Got to hang some artwork and mirrors at a cool house in Bel Air a couple days ago. I didn't take any photos because I didn't feel it would have been appropriate. (I always ask permission first.) Anyway, this was easily the biggest house I've been in, and the scale of things was mind boggling.
Bel Air is west of Beverly Hills. It was (and still is) the neighborhood where a lot of "old money" families live.

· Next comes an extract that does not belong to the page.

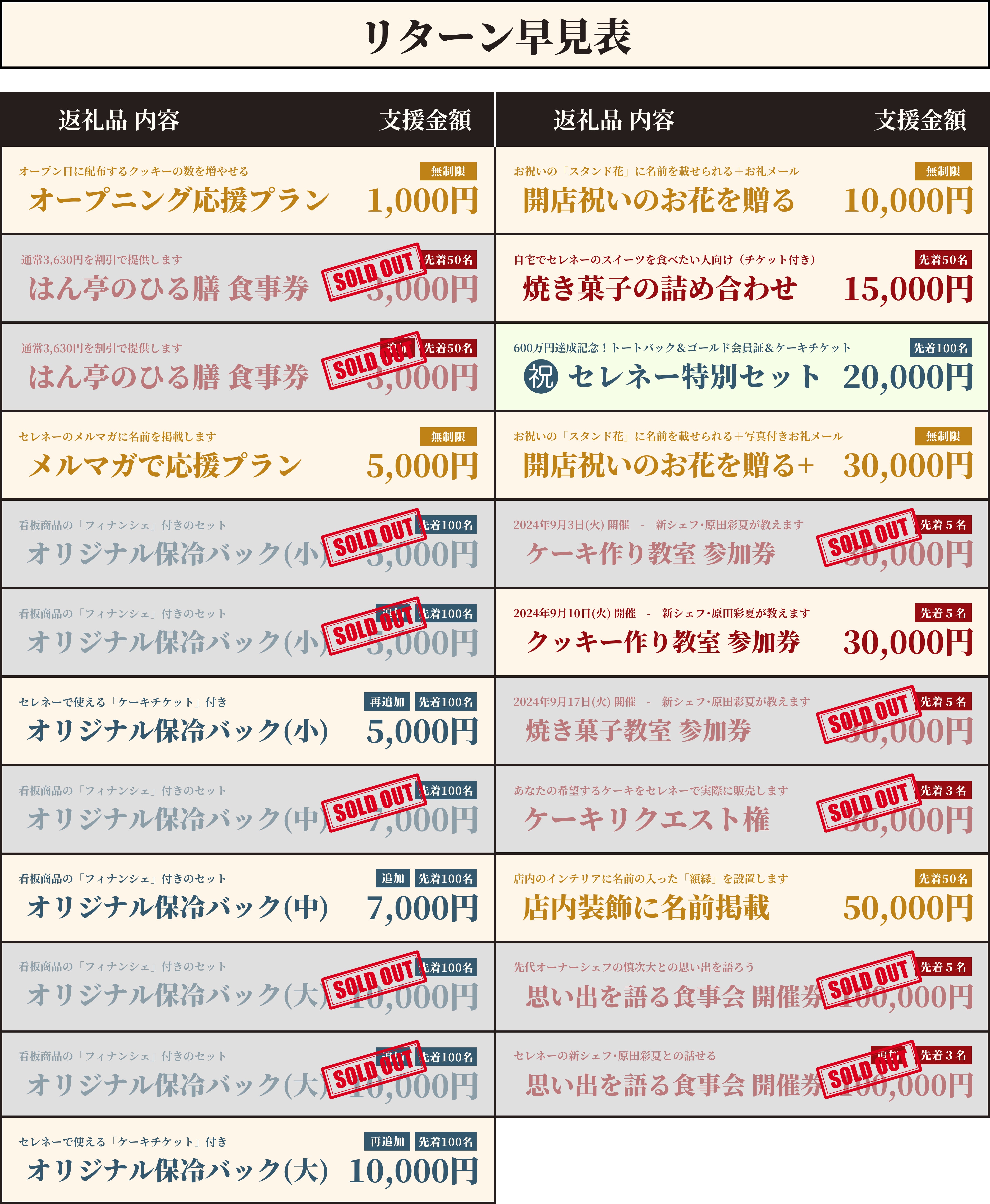 今回のクラウドファンディングでは、洋菓子店『パティスリー セレネー』の再開復活を記念したリターンをご用意しています。気になるリターンを支援購入いただけると嬉しいです。
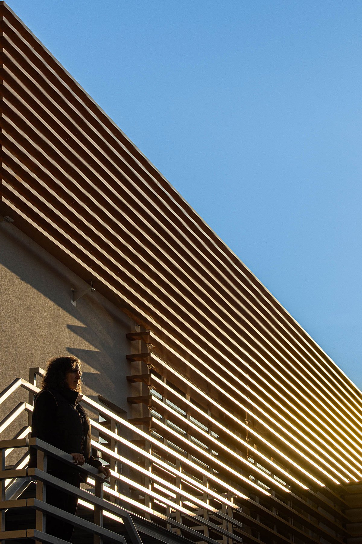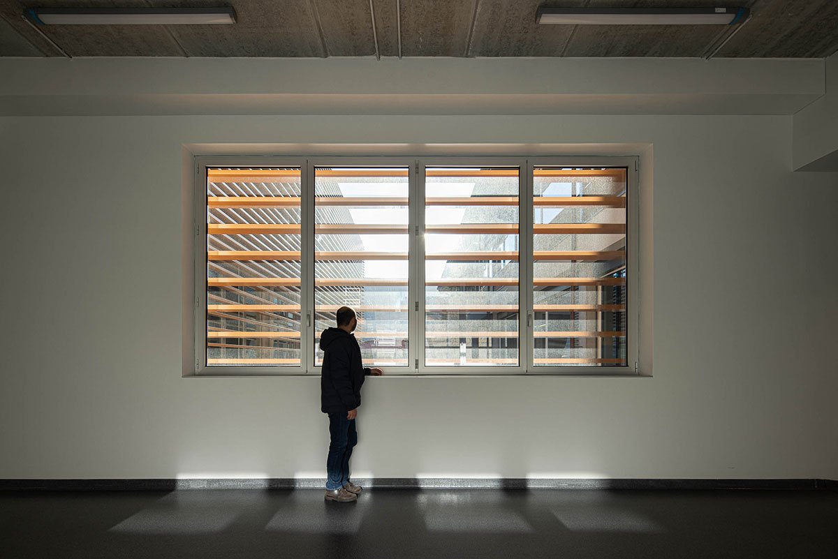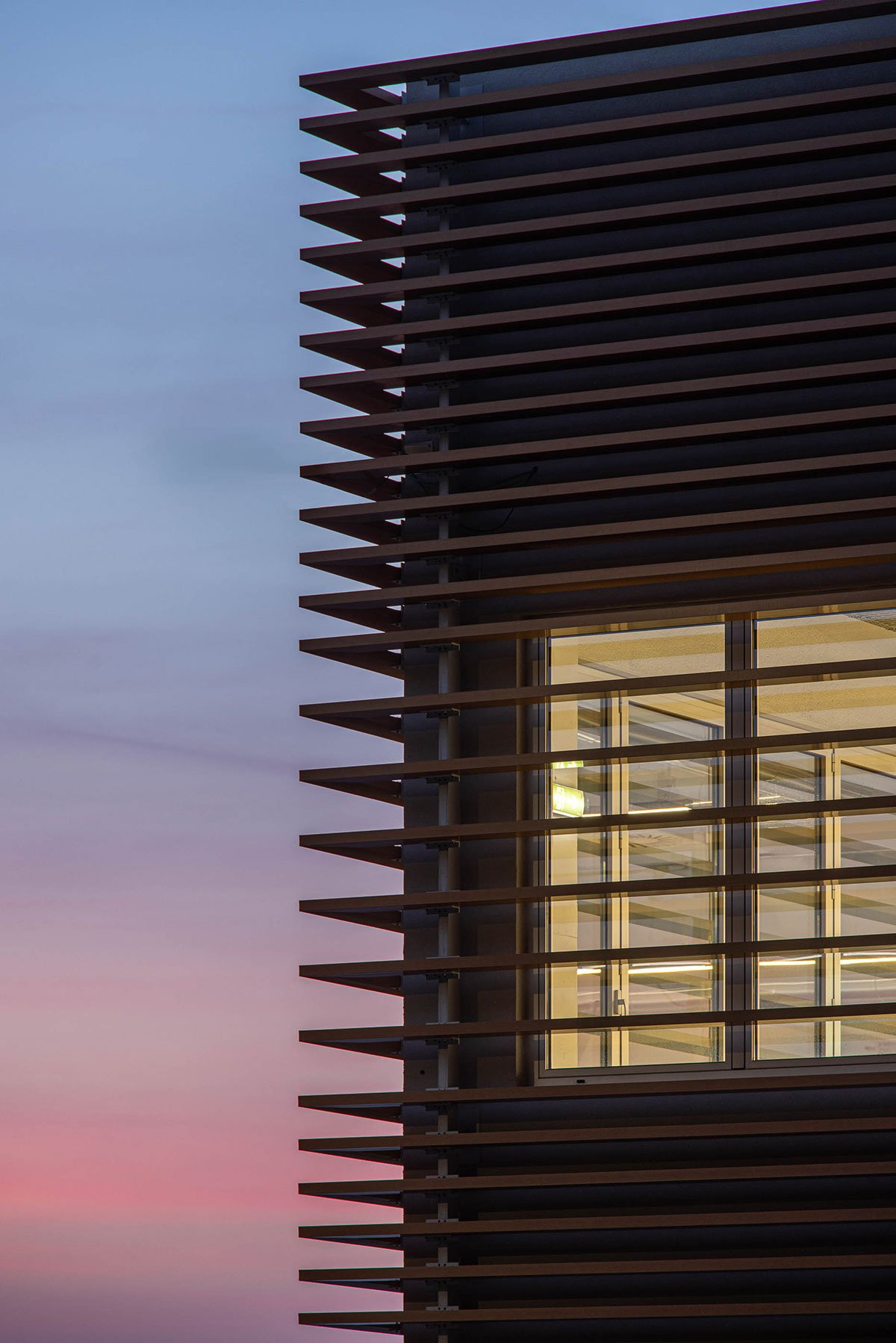 With the image of the new building, the aim is to create a bolder and more distinct architectural approach between both buildings, yet friendly. This solution, with a more audacious character, with thermal concerns, takes aesthetic advantage of the blades that sometimes create moments of shadow and sometimes create moments of more tenuous and controlled light.

According to the owner, the house was built in 1927, and it was one of the first homes in Bel Air. I got the impression it had been in her family for some time, but I don't know how they came upon their wealth. (The lady of the house was real nice and down to earth, though. She even had one of the housekeepers heat up a frozen pizza for us to eat for lunch.) The house is a Spanish Colonial style home, with 15,000 sf on what I'm guessing is about an acre of land on a moderate hillside. (The backyard had 7 or 8 different terraced levels, best I could tell.) The covered carport (behind an automatic gate) would easily hold a dozen cars. I lost count of the living rooms, but I can recall at least 8 of them. The master suite alone is bigger than my house. The his and hers walk-in closets in the master suite are bigger than our bedrooms, as are the his and hers master baths. The master suite has a sitting area that includes a full wet bar, reflecting the old days when the owner of the house might be having his own private party downstairs while the big soiree is going on upstairs. The lower level is primarily living spaces (I dunno, probably half a dozen bedrooms along with the master suite) and the upper level(s) are geared mostly for entertaining, with a couple of grand dining rooms and parlors, as well as five or six living rooms or dens. There are also two or three guest bedrooms upstairs, and library/office space too. The kitchen has a bank of four ovens, although you can tell it's been a while since the kitchen was updated...the clocks on the ovens are the old-school "digital" analog clocks with the flip-over numerals. Of course there is the main staircase as well as the servant's stairs, and various passageways to get from one part of the house to another quickly.
The house itself is beautifully crafted, with a lot of the original details still intact. Wrought iron work, hand-painted murals on walls, padded upholstered walls in some of the bedrooms, and lots of curves and arches in the lath and plaster work throughout. And unlike a lot of the fancy homes we work in, this one felt and looked lived in. The owners have kids, so there were more toys than sculptures, and we didn't have to wear clean room booties on our shoes before walking on the hardwood floors. (Which happens at some houses.) The owner did say keeping the place maintained is a lot of work, although she's got two housekeepers and a nanny helping out. (One of the kids has special needs, so the nanny is primarily there to help care for her.)
Best I can do for a photo is this screen shot from Google Maps...it gives a hint at how sprawling the place was. I got lost more than once just going from room to room.